The architects of the surge, Frederick Kagan and General Jack Keane, and the man whose judgment of it seems to carry the most weight with the media, Michael O'Hanlon, share a byline in today's Washington Post. The three start with the passage of the de-Baathification bill in the Iraqi Parliament:

Much remains to be done, but this is an important step toward political reconciliation -- and it further strengthens the case for America to remain committed to its crucial mission in Iraq in the months and years ahead.

And they address the role benchmarks should play in judging overall progress in Iraq, explaining of the benchmarks that were originally set out by the administration and Congress:

to the extent that benchmarks are employed, we would advocate using a longer list -- and include Baghdad's sharing of oil revenue with the provinces, the hiring of Sunni volunteers into the security forces and into the civilian arms of government, improvements in the legal and penal systems, and, over time, reform of the electoral system to weaken the role of the sectarian parties. In all but the last of these considerable progress has been made in the past year.

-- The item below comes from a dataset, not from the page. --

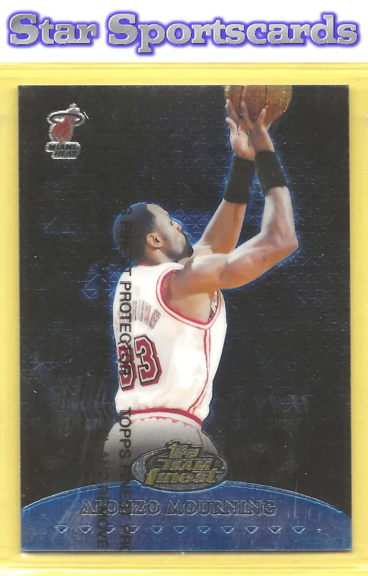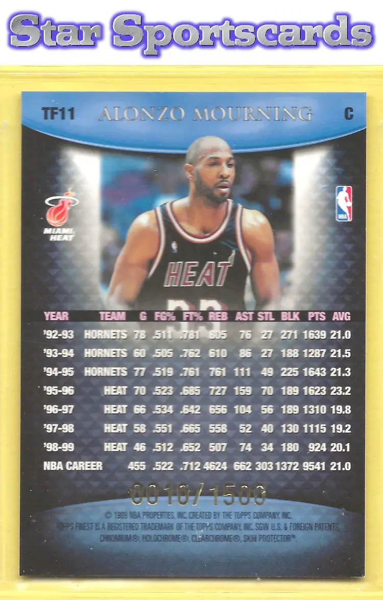 This is a nice example of a 1999-00 Finest #TF11 Alonzo Mourning Team Finest Blue #/1500 .Other important information about this card: SN In Alonzo Mourning played for the Miami Heat.Please check out our other listings for more great cards.

But on the most important matter, the timetable for drawing down U.S. troops, the three urge caution:

The strain on the U.S. military is great, and we are all concerned. But sustaining 15 brigades in Iraq for six more months or another year will not break the force. Reducing forces in Iraq too rapidly, however, even by one or two brigades, might seriously jeopardize the tenuous success we are seeing. We should not take that risk.

This is the key point. There can be little doubt that the Air Force and Navy could, and would as a matter of course, carry much of the load were a conflict to break out in the Taiwan Strait, on the Korean Peninsula, or in the Persian Gulf. To the extent that ground forces would be needed, surely the Army and Marine Corps would be able to commit adequate resources. But to pull forces from Iraq in order to improve readiness and without regard for the impact on the security situation in that country just wouldn't make any sense. The point of maintaining readiness is to allow American forces every opportunity to secure victory in combat. To sacrifice victory in combat in order to improve readiness is a kind of backwards logic that obscures the real objective of its advocates.